Your own teacher
 
Sudhindra Mokhasi, 
Bangalore-based author and entrepreneur, wonders if a formal education is imperative to excel in the field of arts
 
Any way you look at it, a list comprising Chetan Bhagat, Russel Crowe, JK Rowling, John Grisham, Robin Cook, James Cameron and Quentin Tarantino includes successful and creative people of our times. Add some legends to the list - Srinivasa Ramanujam, Kishore Kumar, Leonardo Da Vinci, Arthur Conan Doyle, Gustav Eiffel and Arthur C Clarke, and you have an overwhelming list of creative minds. 
 
Their aggregated educational qualifications are interesting: an engineer and management graduate, two doctors of medicine, a lawyer, a French language major, a signal technician in the armed forces, a structural engineer, and most others either high school dropouts or without a formal 'certificate' education. 
 
All these personalities share a significant characteristic ? autodidacts ? people who were mostly self-taught and did not receive formal 'certificate' education for the art form in which they excelled. 
 
Is it provocative to postulate that greatness in artistic endeavour is possible without formal education in the same skill? While everyone in the list pursued their calling when they found it, for me, the key is the path they chose to get there. The first category comprises people who did not attempt formal education at all, but got into the art form of their interest, soaked in the multifarious experience while waiting for the right opportunity. 
 
Artists in the second category first took up conventional education due to societal / family pressure or simply because their artistic calling was nebulous. Chetan Bhagat, J K Rowling, John Grisham, Robin Cook, Arthur Conan Doyle, Karl Marx, Gustav Eiffel and Arthur C Clarke trod this path. Interestingly, some of them adapted their formal education knowledge to further their artistic pursuit ? Robin Cook with medical knowledge, John Grisham with legal experience.
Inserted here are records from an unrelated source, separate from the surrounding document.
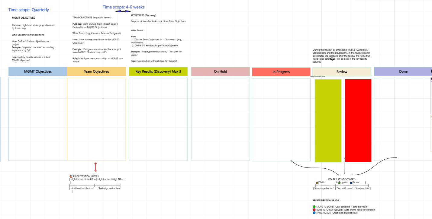 | C. Invite & Context | N/A | Flow Master | Invite the core team and clearly state the single objective: “Derive and prioritize the top 3 Key Results for this quarter’s MGMT Objective.” |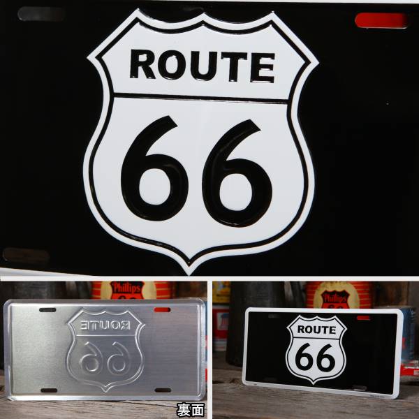 ☆ルート66の道路標識ロゴのライセンスプレートです。 シンプル イズ ベスト! 黒字に白のロゴがとっても映えて、かっこいいです!! ※画像は同一商品のサンプルです。 ※取り付け用の穴が開いています。 ※入荷時より多少のゆがみや小傷がある場合がございます。 ※開封時フィルムパッケージ痕が残る場合がございます。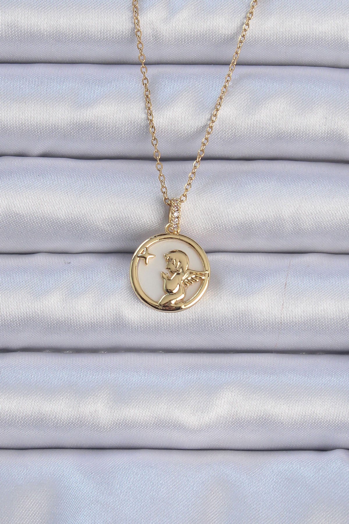BKO9085 - 316L Çelik Zincir Altın Renk Zirkon Taşlı Mineli Melek Kolye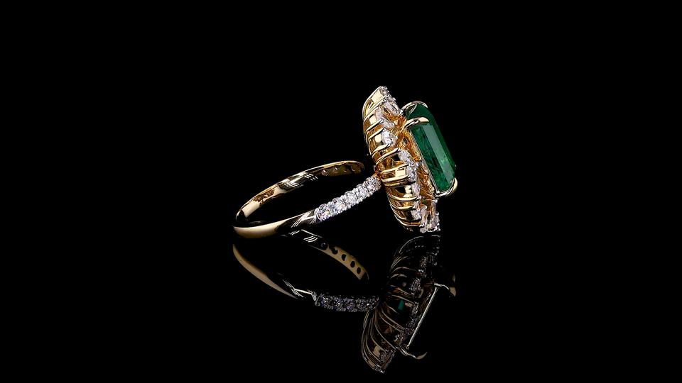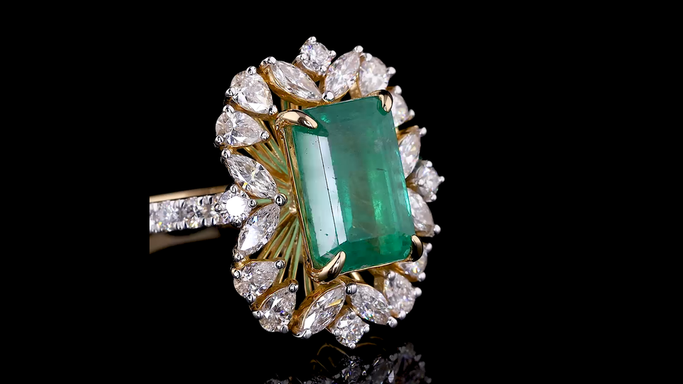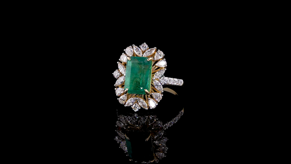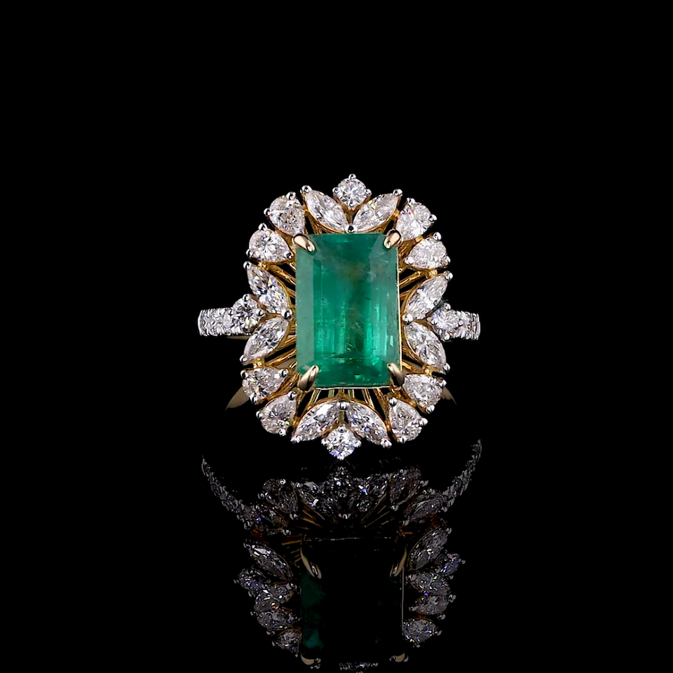 Lab Created Green Emerald Fancy Ring with Pear and Round Lab Grown Diamond | Wedding, Party & Gift Ring

Perhaps, it may also have been easier for them to take the artistic leap of faith because of the perception of security their conventional education offered them. 
 
This pursuit of artistic happiness continues. You will find a fair sprinkling of graphic and web designers attempting to make it into this profession on the back of their natural sense of aesthetic and proficiency in use of computer art tools alone. I have worked with two self-taught graphic artists who were intuitively brilliant and whose absence of formal training helps them create refreshingly different designs. 
 
There is a plethora of new writers in India: Author Amish's journey from a management graduate to banker to a full-time author is well-known, Dipen Ambalia quit his corporate job to write-full time and he is already three books old. 
Finally, while the choice of the path is an individual call, it is useful to know the road taken by the others before us.